In this paper, a globally stabilizing boundary feedback control law for an arbitrarily fine discretization of a nonlinear PDE model of a chemical tubular reactor is presented. A model that assumes no radial velocity and concentration gradients in the reactor, the temperature gradient described by use of a proper value of the effective radial conductivity, a homogeneous reaction, the properties of the reaction mixture characterized by average values, the mechanism of axial mixing described by a single parameter model, and the kinetics of the first order is considered. Depending on the values of the nondimensional Peclet numbers, Damköhler number, the dimensionless adiabatic temperature rise, and the dimensionless activation energy, the coupled PDE equations for the temperature and concentration can have multiple equilibria that can be either stable or unstable. The objective is to stabilize an unstable steady state of the system using boundary control of temperature and concentration on the inlet side of the reactor. We discretize the original nonlinear PDE model in space using finite difference approximation and get a high order system of coupled nonlinear ODEs. Then, using backstepping design for parabolic PDEs we transform the original coupled system into two uncoupled target systems that are asymptotically stable in l 2-norm with appropriate homogeneous boundary conditions.
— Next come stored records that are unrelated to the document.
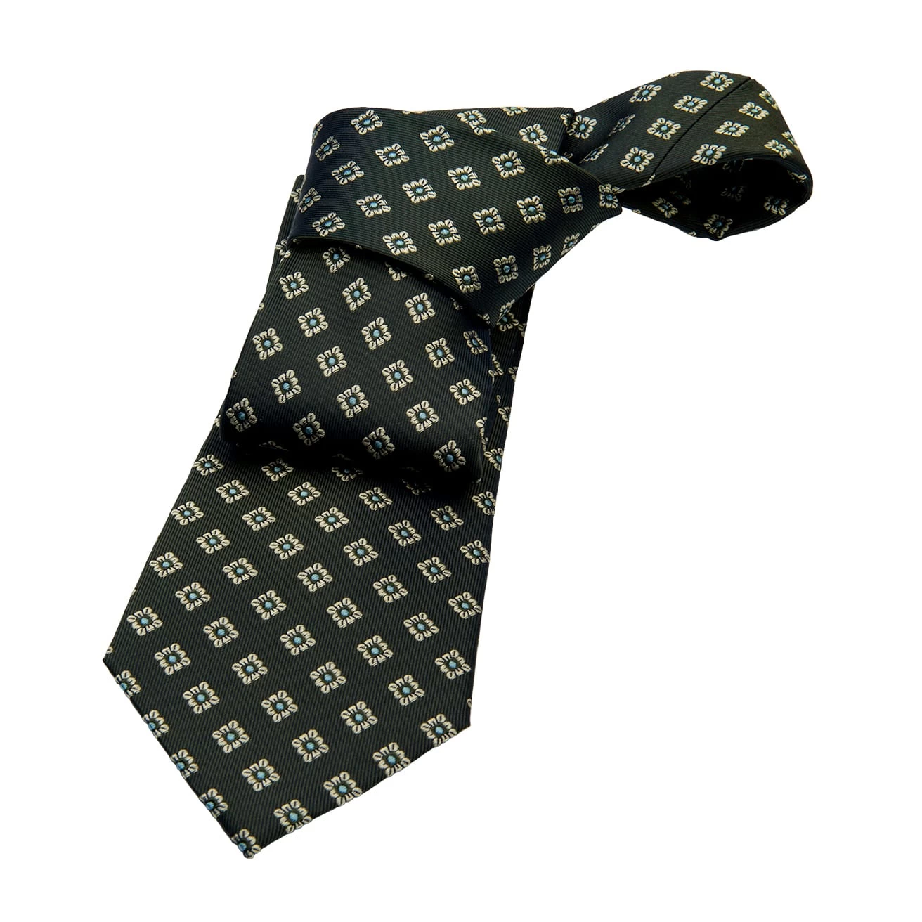 This stunning silk tie features a repeating silver and turquoise pattern set against an olive green background.Â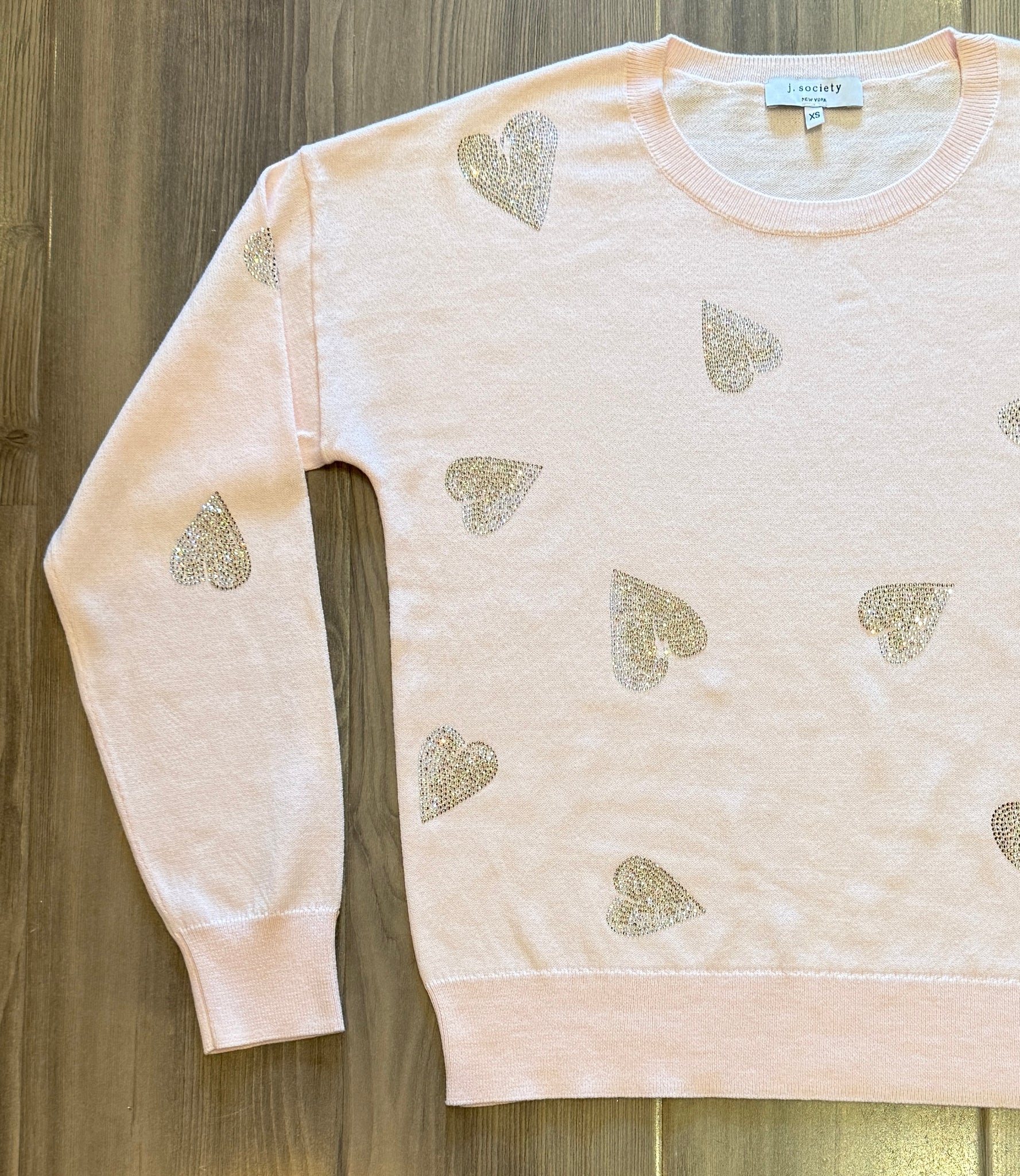 Spread the love in our J Society Glitter Heart Sweater. Soft cotton crewneck features shimmering glitter hearts that catch the light with every move-perfect for expressing your romantic side with a touch of sparkle. Cozy, comfortable, and undeniably charming, this ballet-hued sweater pairs effortlessly with your favorite jeans or skirts. Whether you're celebrating love or just embracing the season's sweetest vibes, this playful piece brings joy and glam to your everyday wardrobe.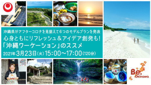 その一環として、この度、3月23日(火)15:00より、沖縄ワーケーションの魅力やモデルプランを発表する無料ウェビナー『~沖縄県がアフターコロナを見据えて6つのモデルプランを発表~心身ともにリフレッシュ&アイデア創発も!「沖縄ワーケーション」 のススメ』を開催しました。

In the real system, the designed control laws would be implemented through small variations of the prescribed inlet temperature and prescribed inlet concentration. The control design is accompanied by a simulation study that shows the feedback control law designed with sensing only on a very coarse grid (using just a few measurements of the temperature and concentration fields) can successfully stabilize the actual system for a variety of different simulation settings (on a fine grid).